#### Dataset entries ####

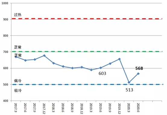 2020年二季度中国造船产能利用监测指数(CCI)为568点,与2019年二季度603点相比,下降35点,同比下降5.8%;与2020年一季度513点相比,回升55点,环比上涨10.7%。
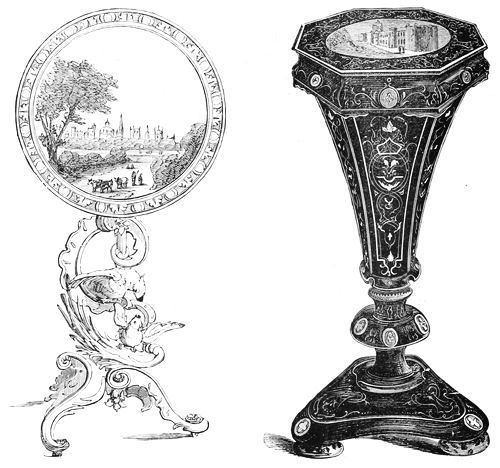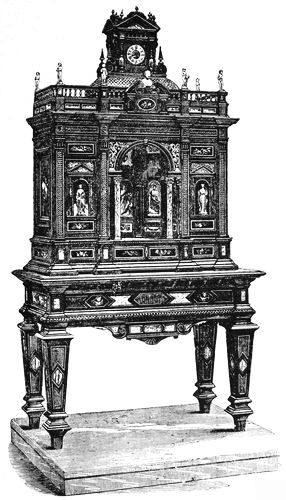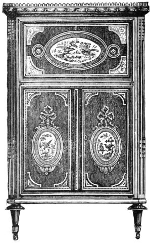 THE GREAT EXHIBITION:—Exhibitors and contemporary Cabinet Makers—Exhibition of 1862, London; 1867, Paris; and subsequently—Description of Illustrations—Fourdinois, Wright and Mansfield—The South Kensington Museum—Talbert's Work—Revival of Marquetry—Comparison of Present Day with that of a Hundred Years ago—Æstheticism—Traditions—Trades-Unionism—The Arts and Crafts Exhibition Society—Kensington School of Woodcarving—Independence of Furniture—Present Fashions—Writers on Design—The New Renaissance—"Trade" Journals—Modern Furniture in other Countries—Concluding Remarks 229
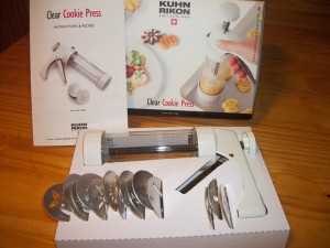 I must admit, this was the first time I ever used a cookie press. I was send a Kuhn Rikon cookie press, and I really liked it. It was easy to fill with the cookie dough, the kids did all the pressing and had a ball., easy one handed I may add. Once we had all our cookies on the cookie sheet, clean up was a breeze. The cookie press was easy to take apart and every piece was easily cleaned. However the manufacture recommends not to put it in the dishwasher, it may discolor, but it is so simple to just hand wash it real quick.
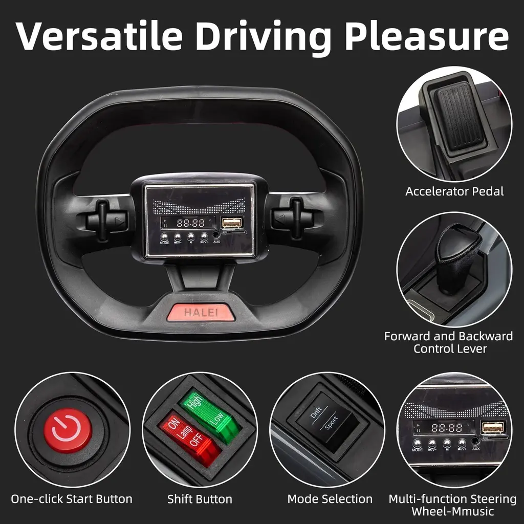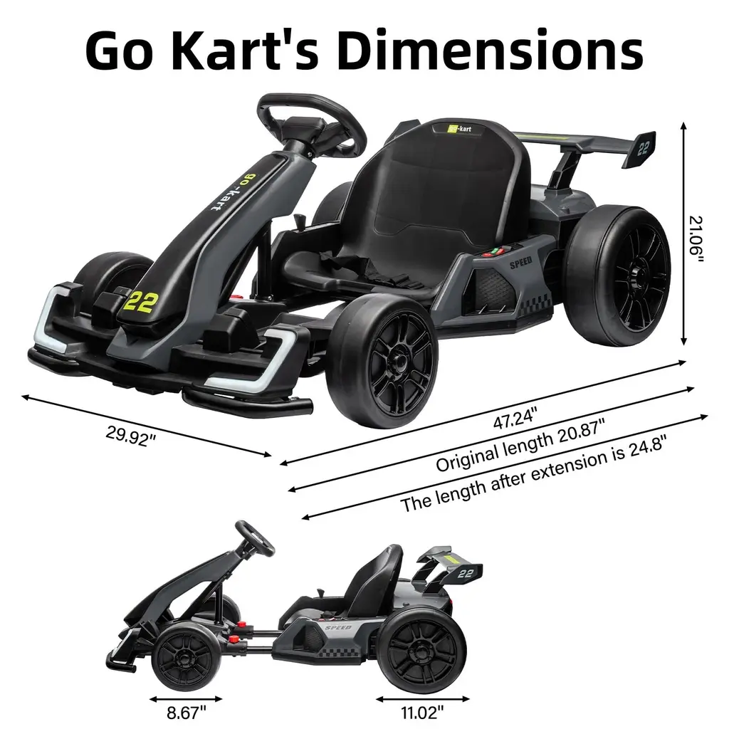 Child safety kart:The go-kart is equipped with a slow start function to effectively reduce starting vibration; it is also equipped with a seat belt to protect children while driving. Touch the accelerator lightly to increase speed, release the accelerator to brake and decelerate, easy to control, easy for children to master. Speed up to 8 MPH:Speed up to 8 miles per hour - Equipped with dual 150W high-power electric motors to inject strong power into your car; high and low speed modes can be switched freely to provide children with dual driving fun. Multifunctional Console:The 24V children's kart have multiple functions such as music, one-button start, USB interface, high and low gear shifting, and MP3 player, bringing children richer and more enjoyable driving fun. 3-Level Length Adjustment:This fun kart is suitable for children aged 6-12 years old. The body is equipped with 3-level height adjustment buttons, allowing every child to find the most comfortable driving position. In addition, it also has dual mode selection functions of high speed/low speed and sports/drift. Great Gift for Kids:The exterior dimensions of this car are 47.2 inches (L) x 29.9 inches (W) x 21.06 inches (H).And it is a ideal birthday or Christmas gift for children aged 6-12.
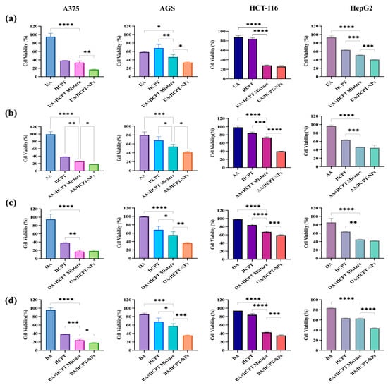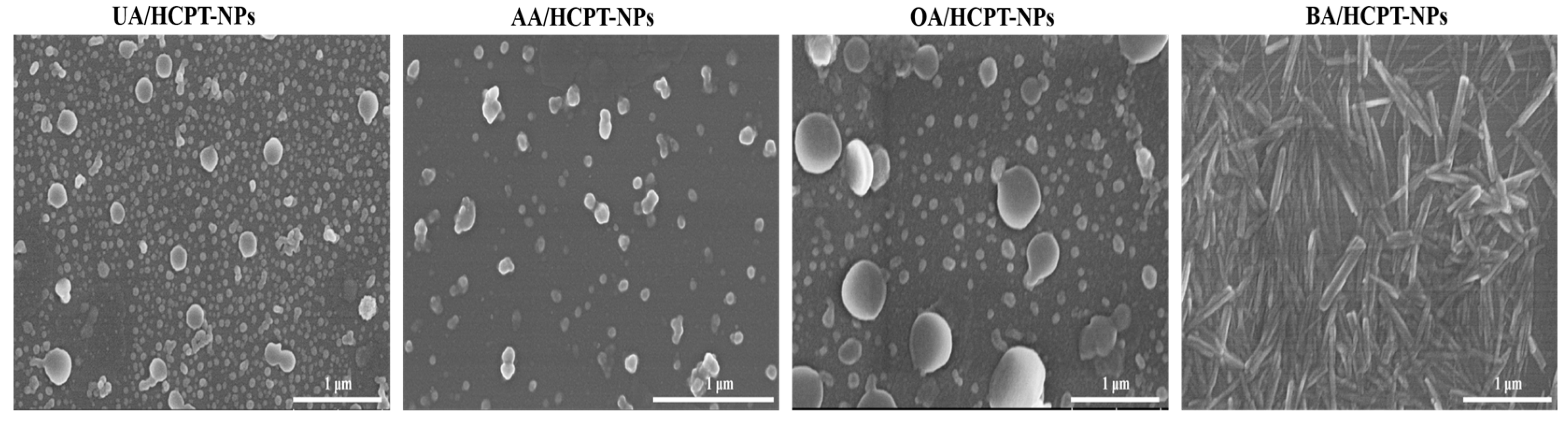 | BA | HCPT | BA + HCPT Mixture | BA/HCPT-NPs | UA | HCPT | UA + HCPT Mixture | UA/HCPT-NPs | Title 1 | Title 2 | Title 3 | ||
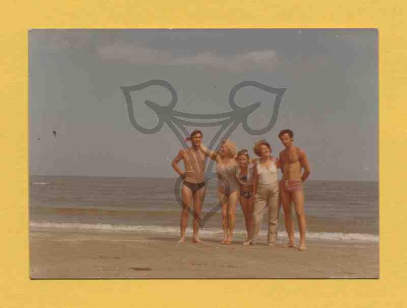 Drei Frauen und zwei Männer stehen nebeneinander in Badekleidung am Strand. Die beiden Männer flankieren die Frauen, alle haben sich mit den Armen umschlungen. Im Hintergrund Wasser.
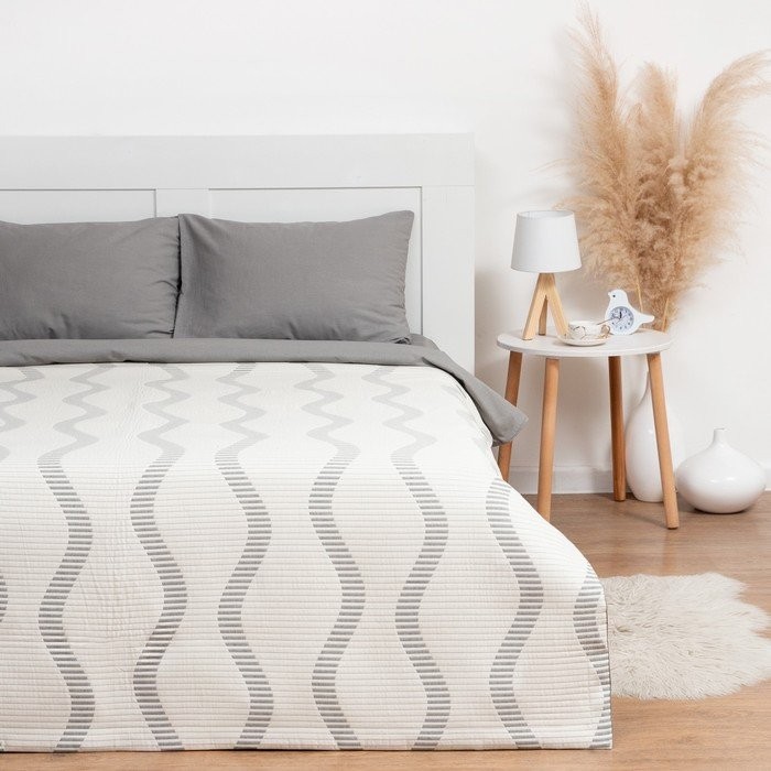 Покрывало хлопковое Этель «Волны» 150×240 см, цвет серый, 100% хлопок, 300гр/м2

####
#### Dataset entries ####

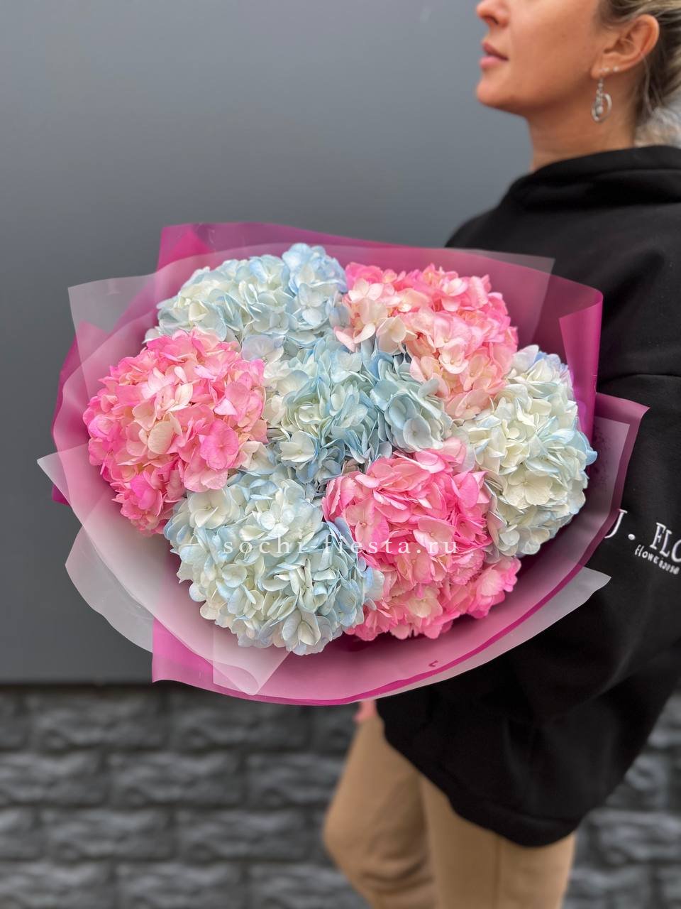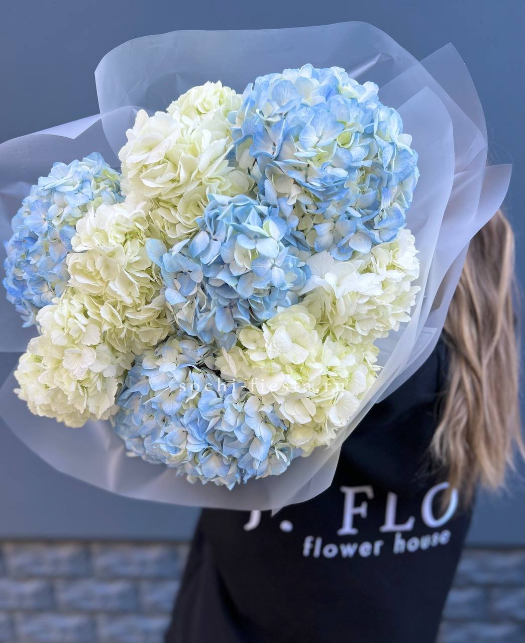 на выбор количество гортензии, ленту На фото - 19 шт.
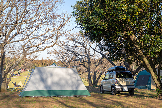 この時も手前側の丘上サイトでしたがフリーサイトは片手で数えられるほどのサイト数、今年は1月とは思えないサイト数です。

####

**What you have to do:**
Everything from the line above that contains "THE GREAT EXHIBITION:—Exhibitors" down to the line that contains "I must admit, this" must be reproduced exactly, both ends included. Omit the pictures.

**Task result:**
 THE GREAT EXHIBITION:—Exhibitors and contemporary Cabinet Makers—Exhibition of 1862, London; 1867, Paris; and subsequently—Description of Illustrations—Fourdinois, Wright and Mansfield—The South Kensington Museum—Talbert's Work—Revival of Marquetry—Comparison of Present Day with that of a Hundred Years ago—Æstheticism—Traditions—Trades-Unionism—The Arts and Crafts Exhibition Society—Kensington School of Woodcarving—Independence of Furniture—Present Fashions—Writers on Design—The New Renaissance—"Trade" Journals—Modern Furniture in other Countries—Concluding Remarks 229
 I must admit, this was the first time I ever used a cookie press. I was send a Kuhn Rikon cookie press, and I really liked it. It was easy to fill with the cookie dough, the kids did all the pressing and had a ball., easy one handed I may add. Once we had all our cookies on the cookie sheet, clean up was a breeze. The cookie press was easy to take apart and every piece was easily cleaned. However the manufacture recommends not to put it in the dishwasher, it may discolor, but it is so simple to just hand wash it real quick.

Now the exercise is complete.